In electron spin resonance (ESR), a chemical sample is placed in a strong magnetic field and irradiated with microwaves. Unpaired electrons in the sample reveal themselves by resonating. Daedalus has been musing on interstellar space, and its content of hydrogen atoms. Each has an unpaired electron (indeed, it is the only one it has). In the low magnetic field of space, each electron should resonate feebly at some audio frequency. Yet the total signal might be quite strong: there are cubic light-years of this specimen. Indeed, the distribution of monatomic hydrogen, and the range and intensity of the interstellar magnetic field itself, are all hot astronomical topics. Daedalus reckons that audio frequencies from space are well worth looking for.

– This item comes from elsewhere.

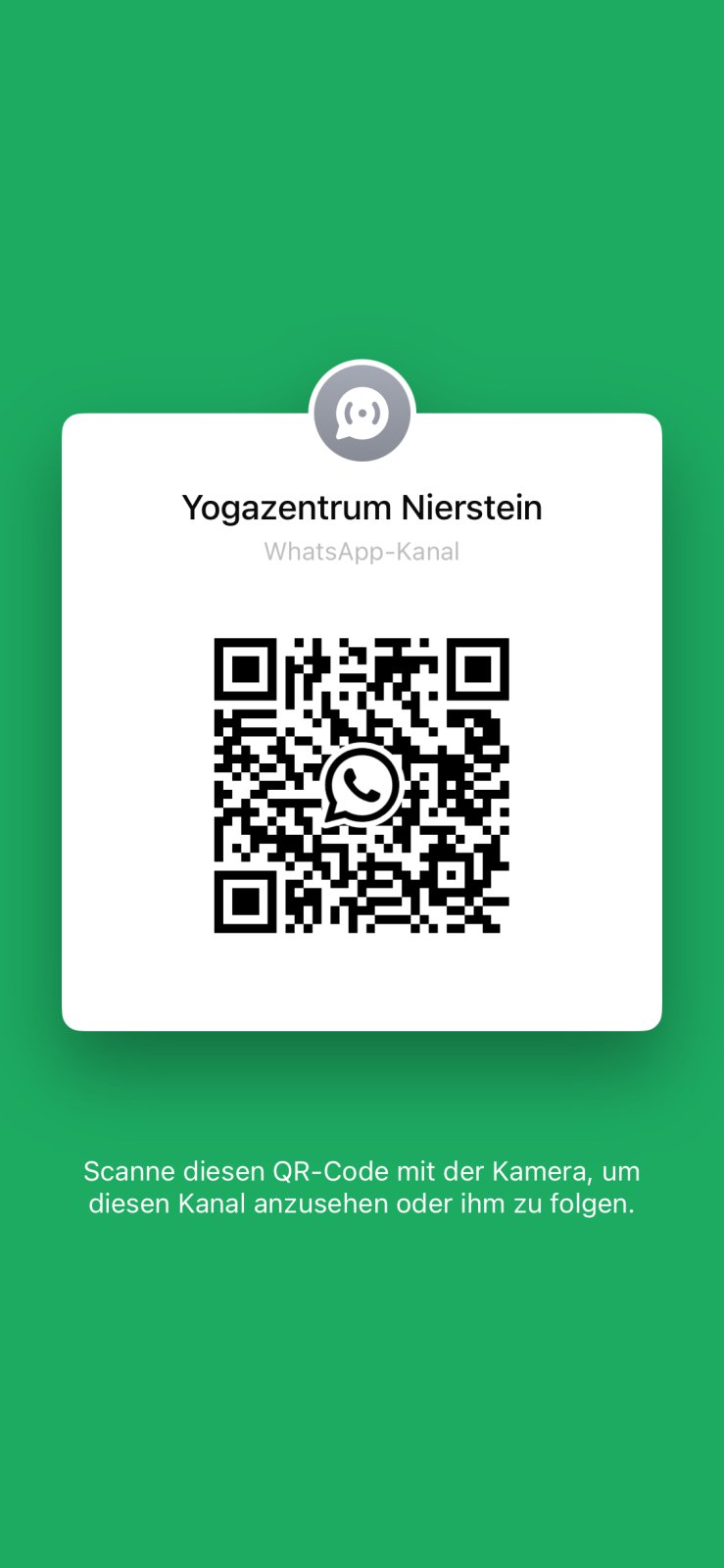 Mit dem QR-Code den WhatsApp-Kanal vom Yogazentrum Nierstein abonnieren: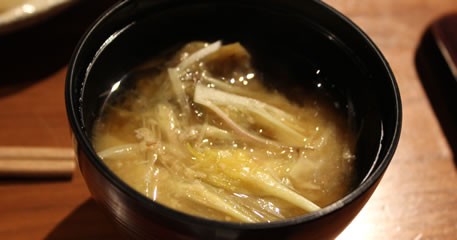 味噌汁に入れる茄子を焼きなすに変え、茗荷を添えることで風味が変わります。

An audio signal would have a very long wavelength — 200 km or thereabouts. A directional parabolic aerial, which must be many wavelengths across, could never be made big enough. Even a conventionally resonant quarter-wave aerial of 50 km would be hard to build. But Daedalus recalls that power-lines and telegraph cables, thousands of kilometres long, already span the globe. Furthermore they are liable to dangerous surges when solar magnetic effects induce big voltages in them. This astrophysical phenomenon suggests to him that a careful search should be made on these conductors, looking for another astrophysical effect: small but detectable audio frequencies from space.

Of course 50 Hz and 60 Hz, the main human power frequencies, will contribute hugely, and will have to be well filtered out. These, however, will have their own human rhythm, caused by the known changing load. The audio spectrum to be studied is wide, too. Furthermore, the system as a whole will be steadily scanned in longitude by the rotation of the Earth, and in latitude by choosing the right conductors to listen to. Circumpolar ones, for example, should discriminate rather well against equatorial signals or ones from the wrong hemisphere.

Here, says Daedalus, is a new way of testing the theory of 'steady-state continuous creation'. It holds that monatomic hydrogen is appearing steadily throughout space, at just the rate needed to compensate for spatial expansion. The Universe has no beginning and no end. If the Earth is indeed receiving a steady ESR hydrogen signal from every point in space, the implications would be cosmologically profound indeed.